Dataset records
- Opening Delimiter -
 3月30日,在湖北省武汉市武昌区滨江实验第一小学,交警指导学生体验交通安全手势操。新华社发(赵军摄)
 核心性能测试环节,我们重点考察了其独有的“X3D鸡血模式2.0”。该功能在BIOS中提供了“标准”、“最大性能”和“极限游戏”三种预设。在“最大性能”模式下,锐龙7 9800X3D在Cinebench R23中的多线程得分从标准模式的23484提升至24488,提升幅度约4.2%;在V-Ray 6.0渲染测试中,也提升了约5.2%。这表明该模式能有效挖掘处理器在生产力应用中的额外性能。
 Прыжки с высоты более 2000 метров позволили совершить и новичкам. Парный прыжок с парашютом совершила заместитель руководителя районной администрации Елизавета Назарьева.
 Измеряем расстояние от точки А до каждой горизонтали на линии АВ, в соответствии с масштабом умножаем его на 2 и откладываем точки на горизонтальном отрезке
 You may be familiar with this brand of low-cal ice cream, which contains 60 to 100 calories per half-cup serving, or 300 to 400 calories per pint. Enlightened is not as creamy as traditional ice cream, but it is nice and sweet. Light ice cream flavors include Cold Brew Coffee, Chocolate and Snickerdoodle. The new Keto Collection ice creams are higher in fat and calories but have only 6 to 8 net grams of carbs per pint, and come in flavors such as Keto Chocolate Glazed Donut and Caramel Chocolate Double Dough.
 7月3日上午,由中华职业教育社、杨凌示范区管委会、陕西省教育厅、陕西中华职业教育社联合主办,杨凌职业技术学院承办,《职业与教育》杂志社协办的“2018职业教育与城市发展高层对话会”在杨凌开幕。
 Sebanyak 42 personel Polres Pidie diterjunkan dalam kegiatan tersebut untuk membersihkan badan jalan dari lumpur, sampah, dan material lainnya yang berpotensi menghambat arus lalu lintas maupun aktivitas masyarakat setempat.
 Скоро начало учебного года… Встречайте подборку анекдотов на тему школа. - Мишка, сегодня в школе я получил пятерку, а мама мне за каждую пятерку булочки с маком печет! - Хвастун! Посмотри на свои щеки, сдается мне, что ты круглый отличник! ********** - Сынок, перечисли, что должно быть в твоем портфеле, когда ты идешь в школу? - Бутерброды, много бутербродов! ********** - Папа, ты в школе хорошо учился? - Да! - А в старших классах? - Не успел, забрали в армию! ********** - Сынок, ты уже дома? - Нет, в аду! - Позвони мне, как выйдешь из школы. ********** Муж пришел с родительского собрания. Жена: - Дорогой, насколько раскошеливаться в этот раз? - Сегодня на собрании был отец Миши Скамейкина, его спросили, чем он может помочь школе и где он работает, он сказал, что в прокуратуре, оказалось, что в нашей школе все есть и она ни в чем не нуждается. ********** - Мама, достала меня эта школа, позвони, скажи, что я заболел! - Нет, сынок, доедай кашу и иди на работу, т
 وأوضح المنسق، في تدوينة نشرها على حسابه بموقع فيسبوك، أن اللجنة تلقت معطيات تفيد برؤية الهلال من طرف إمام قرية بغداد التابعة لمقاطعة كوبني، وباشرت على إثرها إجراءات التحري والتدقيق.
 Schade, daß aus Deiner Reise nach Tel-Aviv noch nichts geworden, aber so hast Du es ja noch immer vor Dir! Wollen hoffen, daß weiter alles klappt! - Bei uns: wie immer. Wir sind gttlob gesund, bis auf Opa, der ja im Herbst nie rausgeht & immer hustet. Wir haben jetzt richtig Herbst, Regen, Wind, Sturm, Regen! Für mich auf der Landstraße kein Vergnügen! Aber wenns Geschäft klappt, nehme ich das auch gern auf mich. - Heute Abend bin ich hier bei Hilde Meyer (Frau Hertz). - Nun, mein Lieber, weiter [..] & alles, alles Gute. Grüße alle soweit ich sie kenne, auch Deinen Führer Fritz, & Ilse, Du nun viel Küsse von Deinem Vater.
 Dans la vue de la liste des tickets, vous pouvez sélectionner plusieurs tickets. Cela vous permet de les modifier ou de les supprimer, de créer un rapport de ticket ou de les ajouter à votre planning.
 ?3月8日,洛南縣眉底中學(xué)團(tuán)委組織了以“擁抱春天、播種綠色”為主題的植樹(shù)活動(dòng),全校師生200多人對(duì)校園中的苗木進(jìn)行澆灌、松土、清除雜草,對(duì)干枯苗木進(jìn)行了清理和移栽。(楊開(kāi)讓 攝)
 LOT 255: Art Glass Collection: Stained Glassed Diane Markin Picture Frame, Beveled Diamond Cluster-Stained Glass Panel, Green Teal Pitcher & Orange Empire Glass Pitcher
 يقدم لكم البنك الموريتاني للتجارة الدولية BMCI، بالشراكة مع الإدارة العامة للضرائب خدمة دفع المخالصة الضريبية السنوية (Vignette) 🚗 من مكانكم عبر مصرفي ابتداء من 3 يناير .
- Closing Delimiter -
▶ _TRY IT_
Return the data exactly, every line included.

▶ _EXERCISE ANSWER_
 3月30日,在湖北省武汉市武昌区滨江实验第一小学,交警指导学生体验交通安全手势操。新华社发(赵军摄)
 核心性能测试环节,我们重点考察了其独有的“X3D鸡血模式2.0”。该功能在BIOS中提供了“标准”、“最大性能”和“极限游戏”三种预设。在“最大性能”模式下,锐龙7 9800X3D在Cinebench R23中的多线程得分从标准模式的23484提升至24488,提升幅度约4.2%;在V-Ray 6.0渲染测试中,也提升了约5.2%。这表明该模式能有效挖掘处理器在生产力应用中的额外性能。
 Прыжки с высоты более 2000 метров позволили совершить и новичкам. Парный прыжок с парашютом совершила заместитель руководителя районной администрации Елизавета Назарьева.
 Измеряем расстояние от точки А до каждой горизонтали на линии АВ, в соответствии с масштабом умножаем его на 2 и откладываем точки на горизонтальном отрезке
 You may be familiar with this brand of low-cal ice cream, which contains 60 to 100 calories per half-cup serving, or 300 to 400 calories per pint. Enlightened is not as creamy as traditional ice cream, but it is nice and sweet. Light ice cream flavors include Cold Brew Coffee, Chocolate and Snickerdoodle. The new Keto Collection ice creams are higher in fat and calories but have only 6 to 8 net grams of carbs per pint, and come in flavors such as Keto Chocolate Glazed Donut and Caramel Chocolate Double Dough.
 7月3日上午,由中华职业教育社、杨凌示范区管委会、陕西省教育厅、陕西中华职业教育社联合主办,杨凌职业技术学院承办,《职业与教育》杂志社协办的“2018职业教育与城市发展高层对话会”在杨凌开幕。
 Sebanyak 42 personel Polres Pidie diterjunkan dalam kegiatan tersebut untuk membersihkan badan jalan dari lumpur, sampah, dan material lainnya yang berpotensi menghambat arus lalu lintas maupun aktivitas masyarakat setempat.
 Скоро начало учебного года… Встречайте подборку анекдотов на тему школа. - Мишка, сегодня в школе я получил пятерку, а мама мне за каждую пятерку булочки с маком печет! - Хвастун! Посмотри на свои щеки, сдается мне, что ты круглый отличник! ********** - Сынок, перечисли, что должно быть в твоем портфеле, когда ты идешь в школу? - Бутерброды, много бутербродов! ********** - Папа, ты в школе хорошо учился? - Да! - А в старших классах? - Не успел, забрали в армию! ********** - Сынок, ты уже дома? - Нет, в аду! - Позвони мне, как выйдешь из школы. ********** Муж пришел с родительского собрания. Жена: - Дорогой, насколько раскошеливаться в этот раз? - Сегодня на собрании был отец Миши Скамейкина, его спросили, чем он может помочь школе и где он работает, он сказал, что в прокуратуре, оказалось, что в нашей школе все есть и она ни в чем не нуждается. ********** - Мама, достала меня эта школа, позвони, скажи, что я заболел! - Нет, сынок, доедай кашу и иди на работу, т
 وأوضح المنسق، في تدوينة نشرها على حسابه بموقع فيسبوك، أن اللجنة تلقت معطيات تفيد برؤية الهلال من طرف إمام قرية بغداد التابعة لمقاطعة كوبني، وباشرت على إثرها إجراءات التحري والتدقيق.
 Schade, daß aus Deiner Reise nach Tel-Aviv noch nichts geworden, aber so hast Du es ja noch immer vor Dir! Wollen hoffen, daß weiter alles klappt! - Bei uns: wie immer. Wir sind gttlob gesund, bis auf Opa, der ja im Herbst nie rausgeht & immer hustet. Wir haben jetzt richtig Herbst, Regen, Wind, Sturm, Regen! Für mich auf der Landstraße kein Vergnügen! Aber wenns Geschäft klappt, nehme ich das auch gern auf mich. - Heute Abend bin ich hier bei Hilde Meyer (Frau Hertz). - Nun, mein Lieber, weiter [..] & alles, alles Gute. Grüße alle soweit ich sie kenne, auch Deinen Führer Fritz, & Ilse, Du nun viel Küsse von Deinem Vater.
 Dans la vue de la liste des tickets, vous pouvez sélectionner plusieurs tickets. Cela vous permet de les modifier ou de les supprimer, de créer un rapport de ticket ou de les ajouter à votre planning.
 ?3月8日,洛南縣眉底中學(xué)團(tuán)委組織了以“擁抱春天、播種綠色”為主題的植樹(shù)活動(dòng),全校師生200多人對(duì)校園中的苗木進(jìn)行澆灌、松土、清除雜草,對(duì)干枯苗木進(jìn)行了清理和移栽。(楊開(kāi)讓 攝)
 LOT 255: Art Glass Collection: Stained Glassed Diane Markin Picture Frame, Beveled Diamond Cluster-Stained Glass Panel, Green Teal Pitcher & Orange Empire Glass Pitcher
 يقدم لكم البنك الموريتاني للتجارة الدولية BMCI، بالشراكة مع الإدارة العامة للضرائب خدمة دفع المخالصة الضريبية السنوية (Vignette) 🚗 من مكانكم عبر مصرفي ابتداء من 3 يناير .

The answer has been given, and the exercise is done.